Feasibility of a novel self-collection method for blood samples and its acceptability for future home-based PrEP monitoring

https://pubmed.ncbi.nlm.nih.gov/35562692/

Chase A Cannon 1 , Meena S Ramchandani 2 , Matthew R Golden 2 3

Affiliations

PMID: 35562692 PMCID: PMC9100305 DOI: 10.1186/s12879-022-07432-0

Abstract

Background: Most non-clinic based HIV pre-exposure prophylaxis (PrEP) programs require fingersticks to self-collect blood specimens for laboratory monitoring, a technique that often results in inadequate blood volume for quantitative syphilis and HIV serological testing. We evaluated the acceptability and feasibility of using the Tasso OnDemand™ device as a self-sampling method for PrEP monitoring tests and compared results from samples obtained using the Tasso device to clinician-collected blood samples.

Methods: We enrolled study subjects online and in a sexual health clinic and HIV clinic in Seattle, WA, USA to assess the acceptability of blood self-sampling and preferences for home-based PrEP monitoring. We compared HIV antigen/antibody, quantitative rapid plasma reagin and creatinine results in paired self-collected and clinical specimens collected from a subset of participants.

Results: Of 141 participants, 124 (88%) were interested in collecting samples for PrEP monitoring at home. Among 48 who completed blood collections, 94% found the Tasso device easy to use and 95% felt they could perform self-sampling at home. Of 27 participants who used two devices, 100% collected sufficient blood to perform up to two tests while 33% collected sufficient serum for three tests. Agreement in test results between paired samples was high.

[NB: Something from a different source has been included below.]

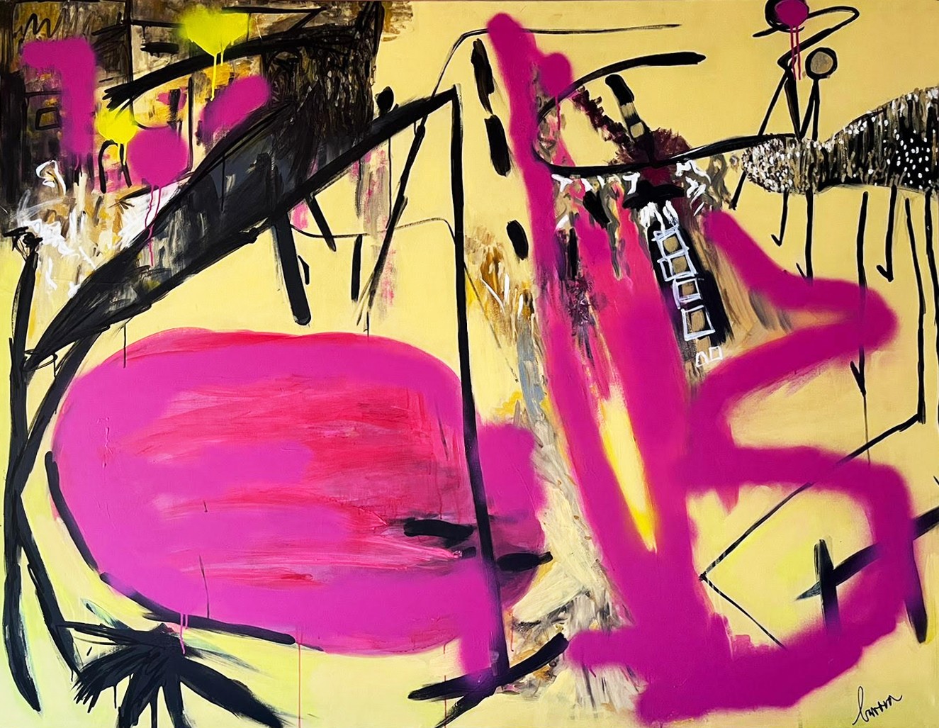 Fuchsia acrylics bring its wings to life, while a sand-colored background sharpens the presence of black insects, anchoring the moment in contrast and quiet wonder.

Conclusions: These pilot data suggest that using the Tasso self-collection device is acceptable and could feasibly be used to obtain serum specimens sufficient for guideline-recommended PrEP monitoring, though use of a larger volume device may be preferable.

Keywords: Blood self-collection; Home sampling; PrEP; Syphilis.

© 2022. The Author(s).

Conflict of interest statement

Tasso, Inc. donated blood collection devices for this study. All authors have no competing financial or non-financial interests to disclose.